Summary of the context and overall objectives of the project

In order to carry out their biological function, proteins must fold into a unique native state. However, the failure of a polypeptide to acquire or maintain this native state can result in protein aggregation, caused by the interaction of solvent-exposed hydrophobic stretches. The study of this event has grown into a dynamic scientific field, mainly due to its association with numerous human diseases such as Alzheimer’s and Parkinson’s disease. Moreover, aggregation is one of the most critical problems in recombinant protein expression in experimental investigations and large-scale protein production. In contrast, in addition to playing a role in pathogenicity, numerous examples exist of cells exploiting protein aggregation for crucial functional purposes, such as scaffolding melanin in the skin or storing hormones intracellularly.

To investigate the molecular events underlying the intracellular aggregation process and aggregation-driven toxicity, several model systems have been developed. Simple unicellular organisms, such as bacteria or yeast, are used as models for studying protein deposition inside the cell, as they have simple growth requirements and an extensive background knowledge base (e.g. well annotated genomes sequences). Genome-wide screens in these organisms identified processes that maintain proteome stability and promote folding and clearance (e.g. chaperones, proteasome subunits, stress- induced transcriptional regulators).

The project that I am presenting aspires to quantitatively identify modifiers of the protein aggregation effect on cell fitness by employing a genetic screening strategy in S. cerevisiae (Figure 1). Additionally, our model can distinguish and quantify how much the fitness effect is governed through foci formation, or specific loss- and gain-of-function.

An understanding of these determinants is essential in order to i) unravel how the cell regulates the aggregation process; ii) develop new strategies for tackling the debilitating pathologies associated with protein aggregation; and to iii) increase the solubility and functionality of recombinant proteins.

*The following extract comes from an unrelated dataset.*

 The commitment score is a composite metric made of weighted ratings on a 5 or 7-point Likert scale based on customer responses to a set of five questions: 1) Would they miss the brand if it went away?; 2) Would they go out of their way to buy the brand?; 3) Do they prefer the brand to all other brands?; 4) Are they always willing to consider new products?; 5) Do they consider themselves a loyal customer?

- We identified a number of genes that are able to modulate the aggregation process and are significantly different dependent on whether the aggregated protein is essential, non-essential or toxic.
- The methodology of the screen has been validated as some of the genes or a similar functional class has been reported in previous studies.
- Using a systems-biolog approach, we could not identify a significant difference in either a) ontology or b) pathway enrichment in the different conditions tested.

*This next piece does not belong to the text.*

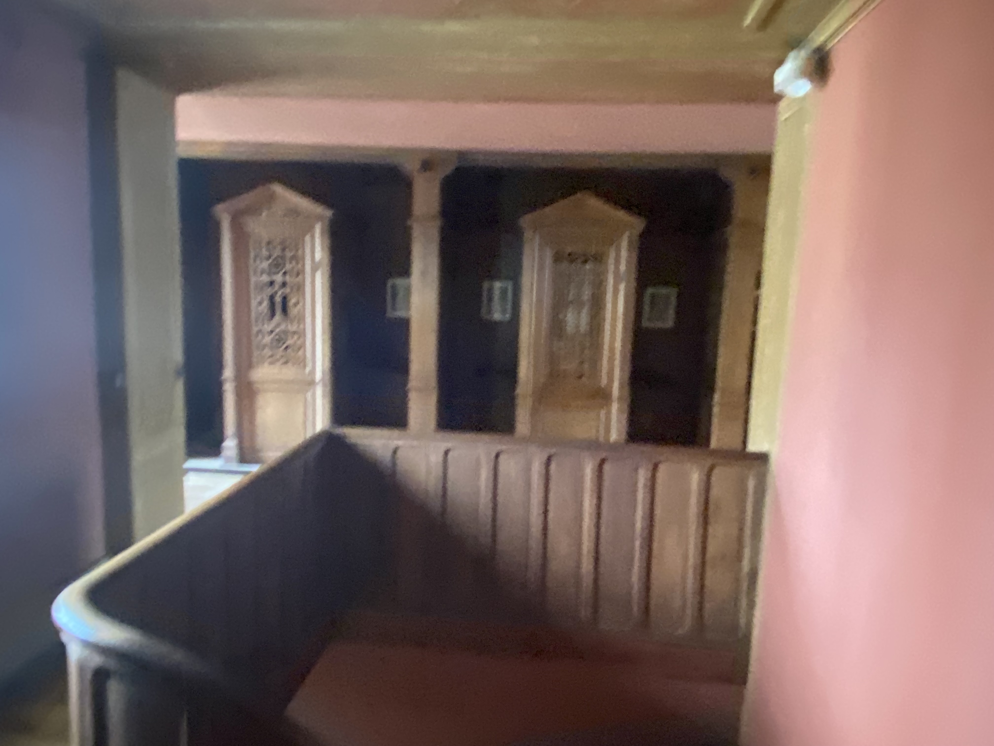 Inside staircase leading to rear gallery seating

Work performed from the beginning of the project to the end of the period covered by the report and main results achieved so far

Creation of strains:
We used the system introduced in De Groot et. al, 2017. To summarize, we used two vectors (pMA vector) containinig i) URA3 and GPF (URAsol) or ii) URA3, GFP and Abeta42 (URAagg) under control of the inducible GAL1 promoter. This fragment is flanked by 65bp regions homologues to TRP1 allowing integration into the Y7039 strain (MAT-alpha can1D ::STE2pr-LEU2 lyp1D ura3D0 leu2D0 his3D 1 met15D0).

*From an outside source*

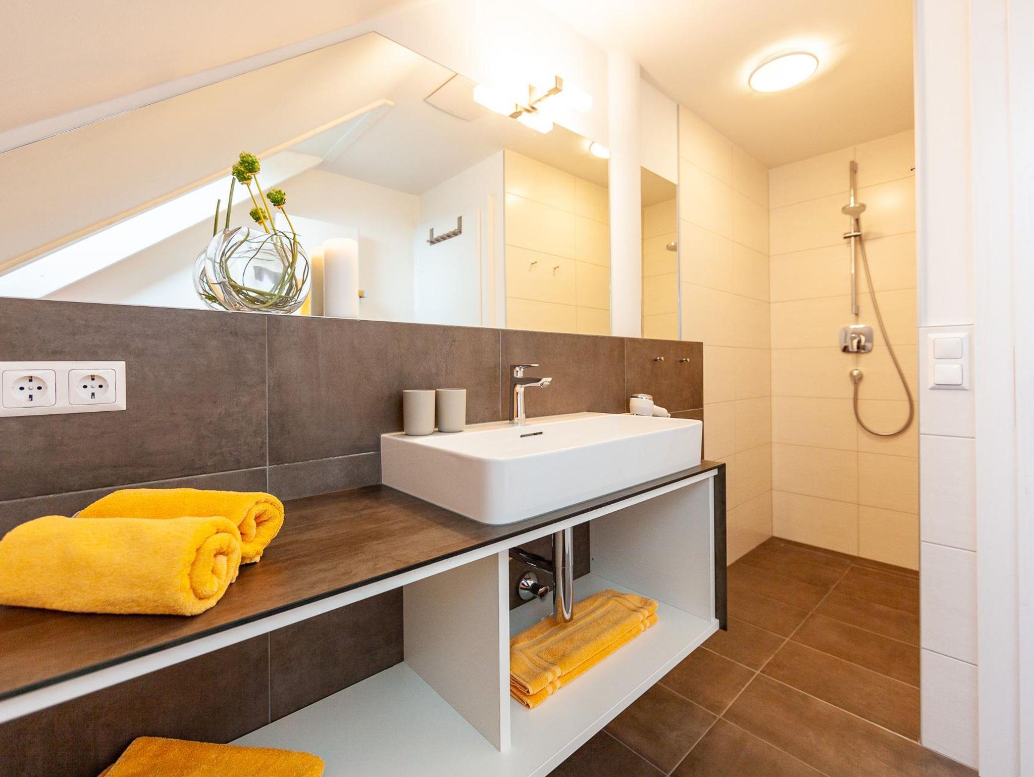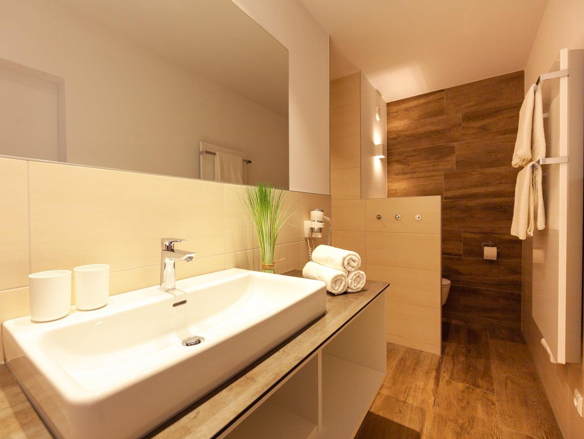 Mit zwei separaten Bädern – jeweils einem pro Schlafzimmer – sorgt die Wohnung für zusätzlichen Komfort und Privatsphäre. In beiden Schlafzimmern befindet sich ein gemütliches Doppelbett, wobei es einem der Zimmer noch ein Zustellbett gibt.

Creation of the knock-out libraries:
We used the KO library BY4741, having around 5200 KO strains. Every strain is characterized by two 20 nucleotide tags (uptag an downtag) that are used to determine which strains have a growth advantage over other strains in the pool.
Using a RoToR robot (Singer Instruments) we will perform a synthetic genetic array to cross the genome-wide deletion library with the two strains described above to obtain two new collections of yeast cells expressing either URAsol or URAagg.

In all the assays, the strains were grown in SD -HIS media containing a mixture of sugars and amino acids. Based on De Groot et. al, 2017, we used 1% of galactose for induction.
Single colonies were picked and grown overnight in 2% Glucose. This culture was employed to inoculate SD -HIS 2% Raffinose and growth during six hours. Then it was inoculated in fresh media with 2% Raffinose and 1% Galactose.
SD -HIS -Ura was employed to test the essentiality of Ura3p. SD -HIS with uracil and 5FOA (Zymo Research) was used to analyse the aggregation effects of a toxic Ura3p activity.

Images were acquired with a Zeiss710 (Carl Zeiss) using an 63x objective, an excitation laser of 488 nm and emission window between 581 nm and 750 nm.
We confirm that URAsol remains soluble, whereas URAagg accumulates into intracellular foci .

Competition Experiment:
The competition experiment will consist of two cultures containing two different combinations of the above-mentioned strains: (i) one will include the strains expressing URAsol and (ii) the other one the strains expressing URAagg.
These cultures will be grown during three days (approximately 25 generations) at exponential phase in a biofermentor. I will take samples at four different time points (0h, 24h, 48h and 72h) from which I will extract the genomic DNA using a LiOAc-SDS buffer.

Sequencing samples:
Using primers that bind to the common regions of all gene disruptions (U1 and D1), we PCR amplify the molecular barcodes, allowing us to distinguish the different strains within each pool. Moreover, an additional set of 8 nucleotide multiplex indices is added within the primers to differentiate the different samples (i.e. different timepoint, different media (minURA, plusURA, 5FOA), different construct (SOL vs AGG)).

Computation Pipeline:
After sequencing the above described samples, we developed a computational pipeline to:

- Trim the reads based on quality and removal of adaptors
- Trim 5' and 3' multiplex indices and assign to the sample using cutadapt
- Map to KO library using vsearch
- Build the counts table
- Merge the experimental metadata (media, timepoint, construct)
- Normalize the counts by the starting counts to relate values in a replicate to eachother
- Perform robust regression to obtain growth estimates

This pipeline has been build using Common Workflow Language (CWL) and Docker (for containerization) promoting reliable and reproducible research.
Using this computational pipeline, we could identify a number of genes that are able to modulate the aggregation process.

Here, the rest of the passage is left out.